In particular, I am thinking this eve of 2013 of the many, many people who by some stroke of bad luck are seen as “less worthy” of entitlements, like life.
I am thinking of the non-elder community. Not to discount the very real needs of people over 60, but after four years and 275 visits to consumers, I have to say: age really is just a number. I am saddened enormously that on a policy level, we still remain separate, we aging and disability folks. In many respects, I think our communities are farther apart than ever right now.
I have thought about this over and over as I have worked in my own mind without these sorts of biases. In spite of my efforts to look at people as people first, and categories second, I remain frustrated by the “eligibility” requirements of programs that help people.
A few words of advice:
Do not acquire any other chronic, progressive disease that hits in your 40s or 50s. It will derail your entire life and leave you bankrupt just when your teenage kids and middle-aged spouse need you to be in prime earning power. If you have to get sick like this, wait until you are 60 and can get help more easily.

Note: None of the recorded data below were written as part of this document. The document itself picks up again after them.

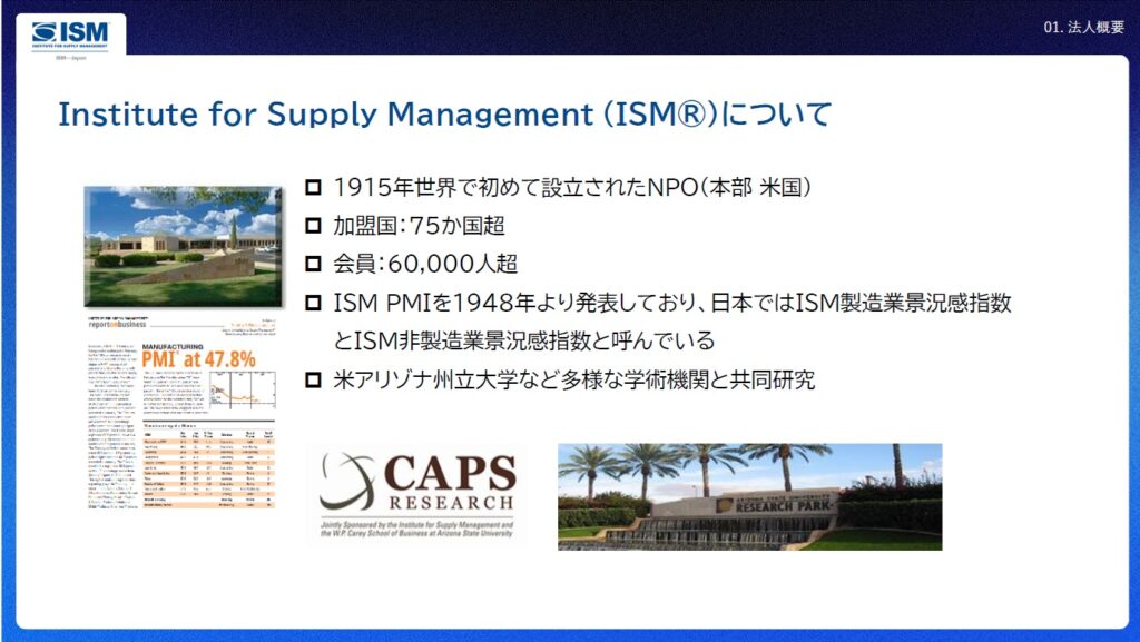 NPO ISM Japan is the exclusive partner of ISM. ISM is the largest non-profit association for Supply Management Professional since 1915 and is famous for ISM Index such as PMI referred by global business persons and for CPSM which is the most recognized certificate for purchasing, procurement and SCM professionals in the world.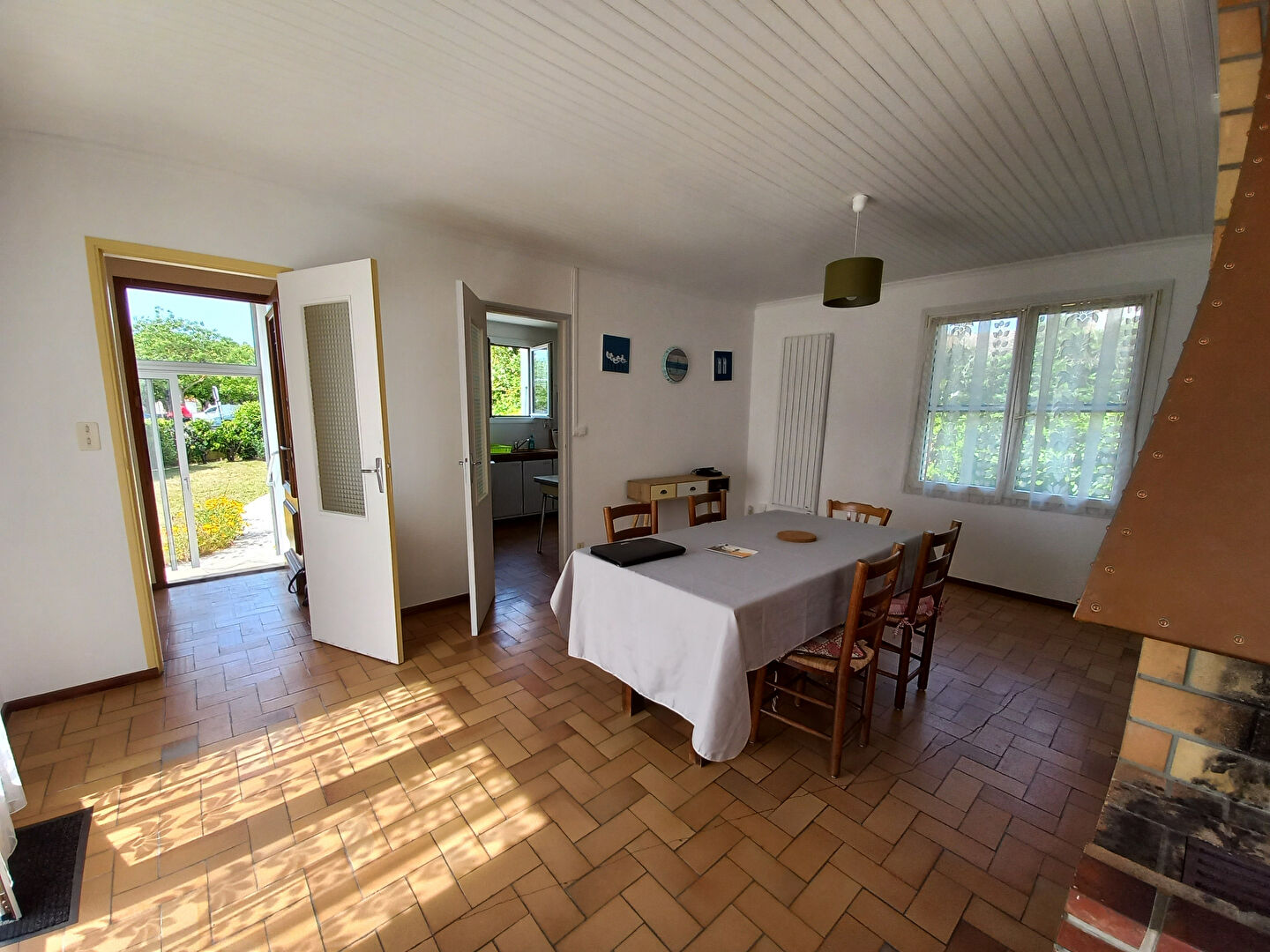 Côte Est - À 300 m des commerces, plage à pied, sur un terrain de 510 m², MAISON (1971) d'une surface habitable de 90 m² comprenant une entrée avec placard, une cuisine, un séjour de 36 m² avec cheminée, deux chambres avec chacune une salle d'eau avec wc - Une chambre indépendante avec salle d'eau et wc - Une terrasse.
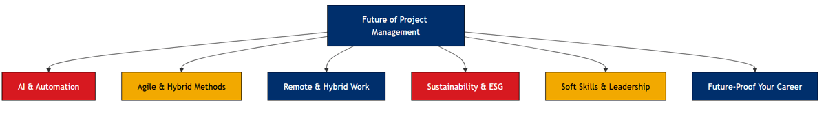 This simplified Mermaid chart visually represents the future of project management by highlighting five key trends shaping the industry: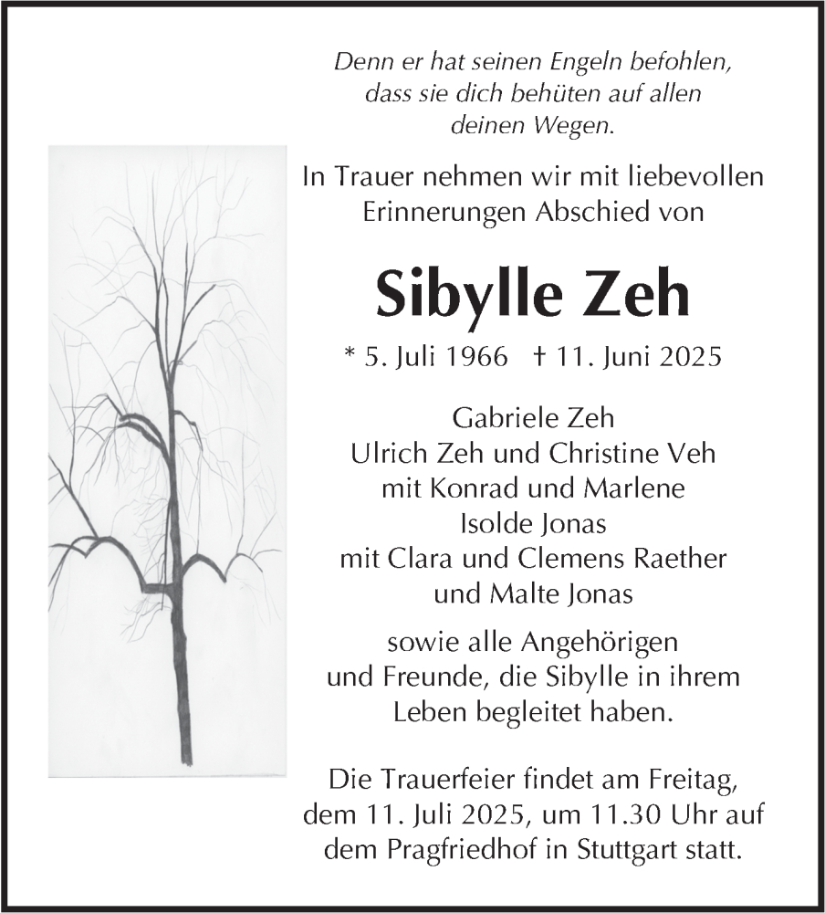 Hier finden Sie alle Traueranzeigen aus der Zeitung, die bisher für Sibylle Zeh erschienen sind. Weitere Traueranzeigen, die in der Zeitung erscheinen, werden hier ebenfalls aufgelistet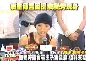 中新網(wǎng)9月5日電 藝人梅艷芳的健康狀況,最近成了香港熱門(mén)的八卦話題。有媒體言之鑿鑿說(shuō),這位香港歌壇的大姐大已身患重病。今天下午,梅艷芳在好友劉德華、張學(xué)友等圈中好友陪同下舉行記者會(huì),說(shuō)明自己的健康狀況,她坦承自己罹患了子宮頸癌。

If you have to have a developmental disability, do your family a favor and score low on your IQ test. Please. Otherwise, you will not qualify for the help you need, and will either exhaust your family or be left to figure out a sometimes cruel and confusing world on your own.
Do not have a mental illness. Just don’t. There is a reason that people who recover from mental illness call themselves survivors, and it has more to do with the “treatment” system than it does with the illness itself.
I know this all sounds quite cynical, and sadly enough, I could go on and on. It is difficult not to be pessimistic as we approach the many changes happening in the disability world right now. Over and over, we see younger people with disabilities all the more marginalized–and perhaps more tragically, fooled into thinking that they are truly included in the unified effort to streamline services and health care. I believed in these efforts, once, and want to think that understanding will still come.
But I see much more often that money changes hands behind closed doors, that those who do not understand the very human right of self-determination are left with the funds to reward those who are compliant, those who do not question, those who play nice…
I resolve to cause more trouble, to question more, to speak up, again. And again.
I resolve to tell these stories, to love more, to convince you to love more, too.